I just want to be capable of living a little more, not trapped in the narrow confines of my mind. I want to my baseline state to be harmonious and well, not deprived and empty when I can’t access the things and activities I used to have. After all even in a state of voluntary semi-permanent lockdown, I can still create, read, listen to any music I want, watch fascinating videos on youtube, cook nourishing meals for myself, enjoy connecting to my partner, care for my family. I am still safe, for now. I have recurring migraines every month or so, but I can still breathe, I still enjoy days when I feel relatively normal, my heart doesn’t race wildly every time I stand up to walk, I can still think clearly even if in shorter spans compared to my younger days. Why do I need so much more to feel a baseline level of wellness?

I feel that after almost two years of this whole thing I have gotten better – through deliberate effort and active conditioning – at appreciating everything in my present moment instead of the continuous state of dissatisfaction I was in. I now appreciate that I can wash dishes with clean water, that I still have access to nutritious food, that my partner is alive in the same generation with me, that I have a safe roof over my head.

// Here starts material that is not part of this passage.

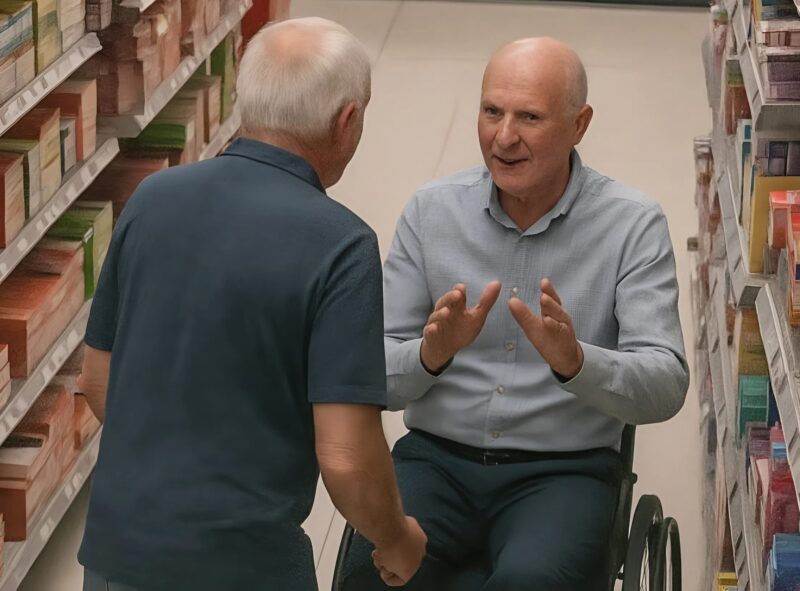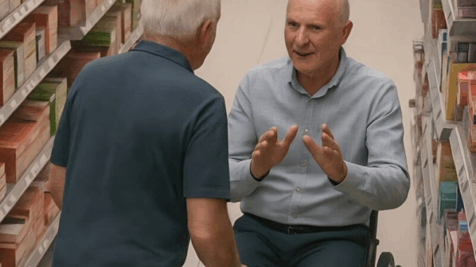 Stavo camminando tra le corsie, osservando attentamente i prodotti. Il cestino che tenevo in grembo era già mezzo pieno. Svoltando in un’altra corsia, ho urtato accidentalmente la ruota della mia sedia a rotelle contro il piede di un uomo che mi dava le spalle.

These are things easy to take for granted, but I have also learnt to take less things for granted after all the unexpected losses in my life. On hindsight, those losses were valuable to me because I think they gave me the time I had needed to steady myself for even more losses. I don’t think I can ever be ready to endure loss, but being less surprised when it comes somewhat helps. Pre-emptive grief makes me cherish the present even more, though a little self-torturing. I try to strike a balance.

I am not always this lucid. I regress. But in writing this I hope I have a cornerstone to refer to when things get bad. I told my partner I see myself as a stew, with ingredients slowly simmering over time adding more flavour to the soup, very slowly but surely. I would like to further enrich my inner world through the course of my life, reminding myself that enrichment can arrive from unexpected sources. I would like my inner state of being to be a source of richness I can access at any point in time.

Life will inevitably make me sad, but it can’t take away the richness I have experienced and have accumulated in my self (unless I get some degenerative disease like Alzheimer’s but at least I hope to be as alive as possible till that point).